Records for the task =
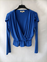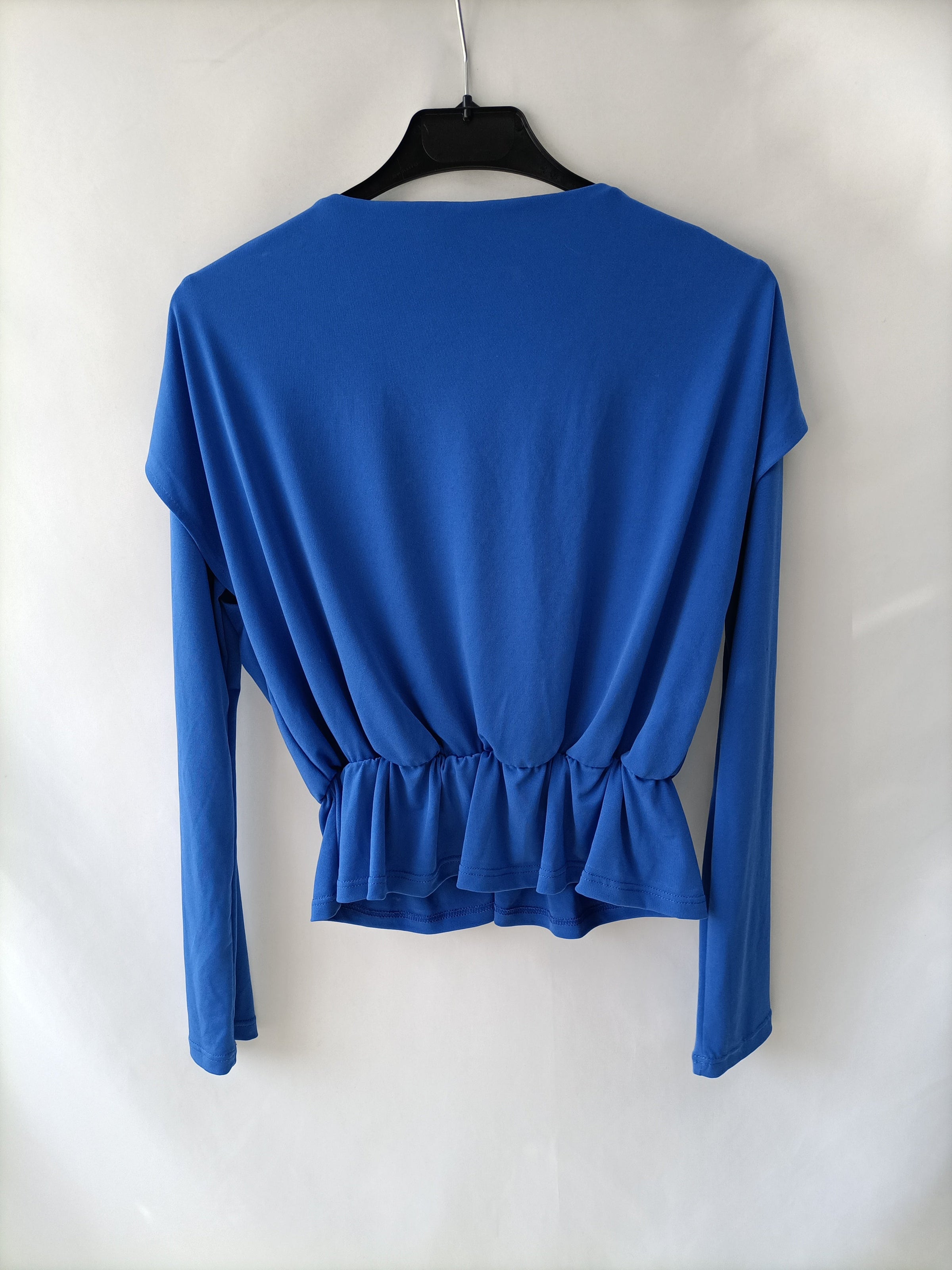 Top azul con escote amplio cruzado. Acabado en volante. Manga larga. Muy elástico. Largo 46 cm
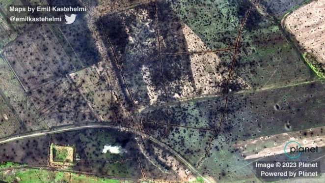 При детальном изучении снимков выясняется, что, несмотря на интенсивность обстрелов в районе Хромово, укрепления украинских защитников могут быть пригодными для использования.
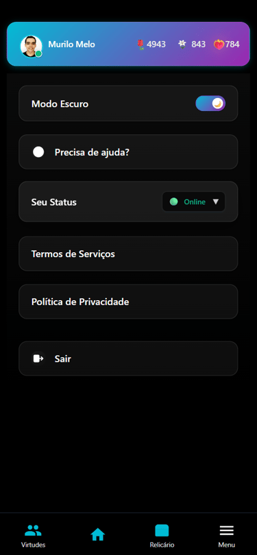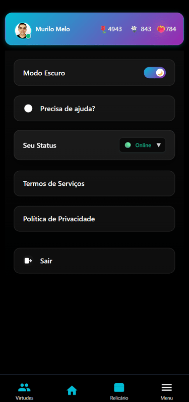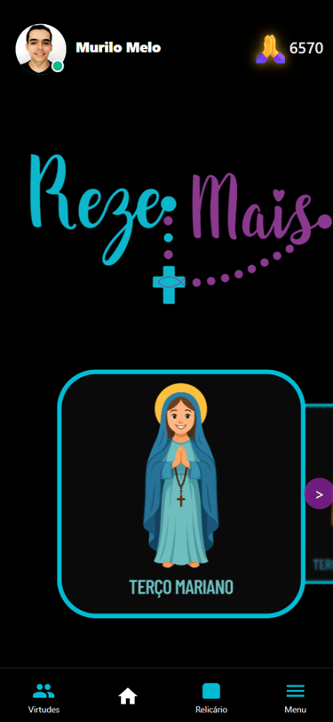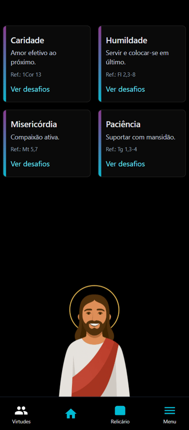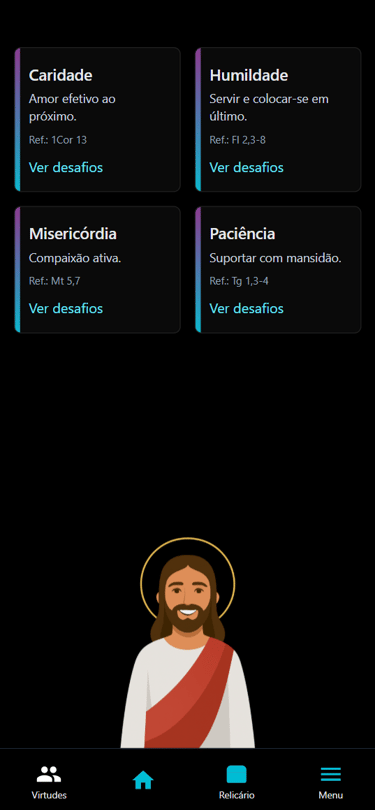 O sistema de gamificação incentiva a constância na oração, transformando-a em um hábito diário através do fortalecimentos das virtudes.
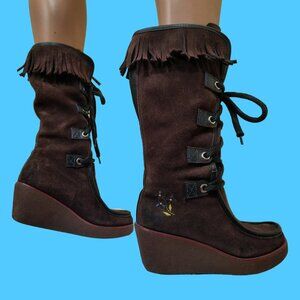 * Y2K Tommy Hilfiger brown suede lace up fringed wedge boots with embroidered flower detail
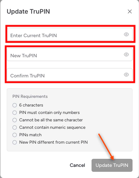 - Follow the instructions to update/change your TruPIN. Then, click Update TruPIN
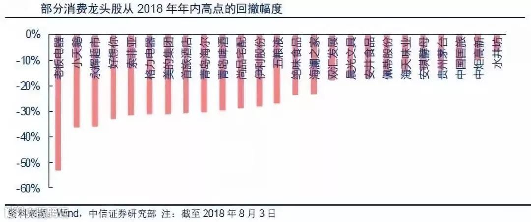 股指走到现在这个位置,市场关注的是未来还有多少下跌空间、强势股补跌到底会到什么程度。以投资者较为关注的强势股代表——消费龙头为例,今年以来,A股消费龙头从高点回撤的平均跌幅为23.7%,部分龙头跌幅甚至已经超过35%,回撤已经比较充分。
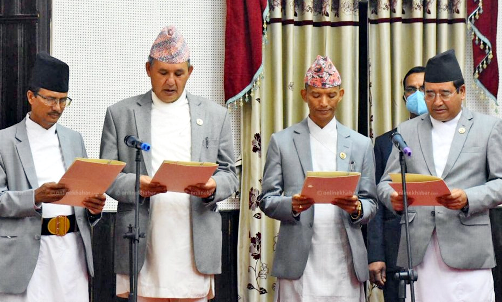 राष्ट्रपति विद्यादेवी भण्डारीले शीतल निवासमा आयोजित समारोहमा नवनियुक्त जीवनराम श्रेष्ठ संस्कृति पर्यटन तथा नागरिक उड्डयनमन्त्री, मेटमणि चौधरी सहरी विकास मन्त्री, शेरबहादुर कुँवर श्रम, रोजगार तथा सामाजिक सुरक्षामन्त्री, भवानी खापुङ स्वास्थ्य तथा जनसंख्या मन्त्री र हीरा केसी स्वास्थ्य तथा जनसंख्या राज्यमन्त्रीले शपथ लिएका हुन् ।
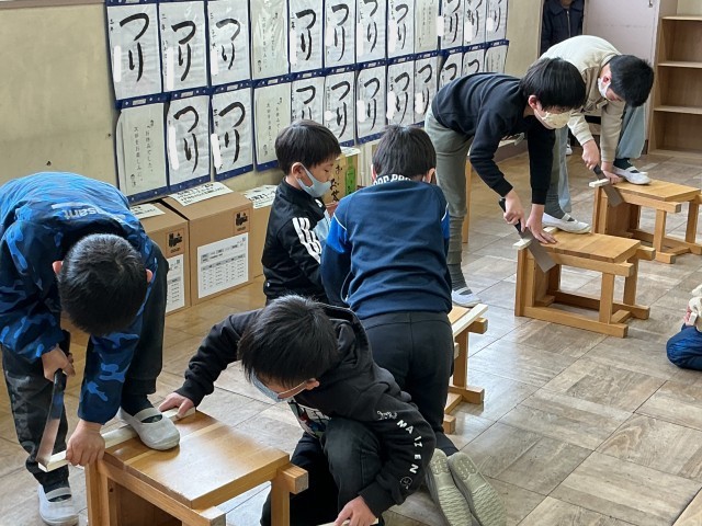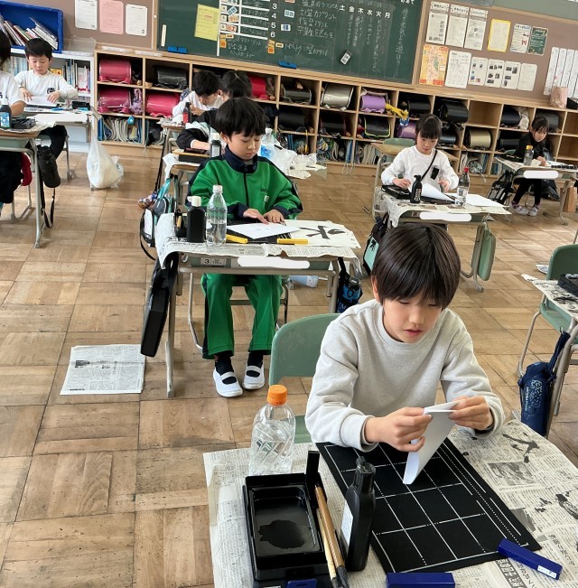 3組は、3年生最後の習字の時間です。みんな、とめ、はね、はらいに気を付け、一筆一筆に心を込めて書き上げました。この1年で、文字の書き方だけではなく、準備や片付けもとても上達しました。今回は、自分ですった墨も使いました。いつも使っている墨汁と同じ濃さにするのは大変でした。これもよい体験になったと思います。
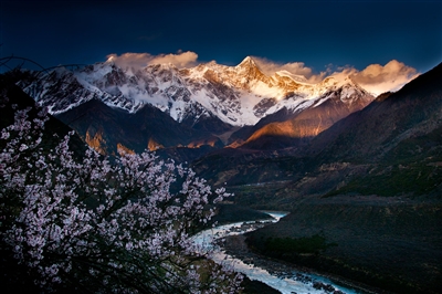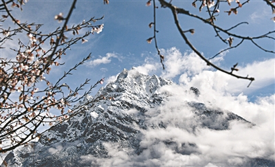 进入5月,野生杜鹃花和黄牡丹陆续跃上枝头,与高耸入云的雪峰连为一片,让人产生壮美的感觉。
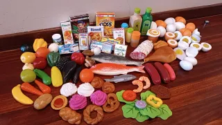 Set de juguetes de cocina con variedad de alimentos de plástico. - Incluye frutas, verduras, pescados, carnes, pan y dulces. - Incluye réplicas de envases y bricks. - Incluye algunas piezas de madera, como huevos cocidos o botellas de aceite y vinagre.
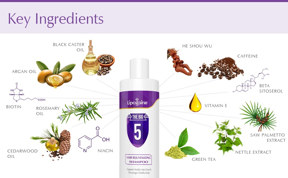 Big 5 shampoo蒐集近20種所有最佳天然護髮成份,幾乎能想到的天成份都添加進去,其中包括茶樹、摩洛哥堅果油、依蘭、椰子油、荷荷巴油、生物素、黑蓖麻油、Nigella Sativa 油、印度醋栗、咖啡因、蕁麻提取物、鋸棕櫚提取物、雪松油、迷迭香油、綠茶、鼠尾草油、何首烏、檸檬油、木槿提取物…等。而所謂的Big 5指的是生物素、咖啡因、摩洛哥堅果油、蓖麻油、鋸棕櫚,這些重要成份提供一個讓頭髮健康生長的頭皮環境、也可以減少DHT所造成的傷害。

Work instructions = Starting at the line containing "O sistema de" and stopping at the line containing "- Follow the", output every line above exactly, both ends included, with pictures omitted.

Written solution =
 O sistema de gamificação incentiva a constância na oração, transformando-a em um hábito diário através do fortalecimentos das virtudes.
 * Y2K Tommy Hilfiger brown suede lace up fringed wedge boots with embroidered flower detail
 - Follow the instructions to update/change your TruPIN. Then, click Update TruPIN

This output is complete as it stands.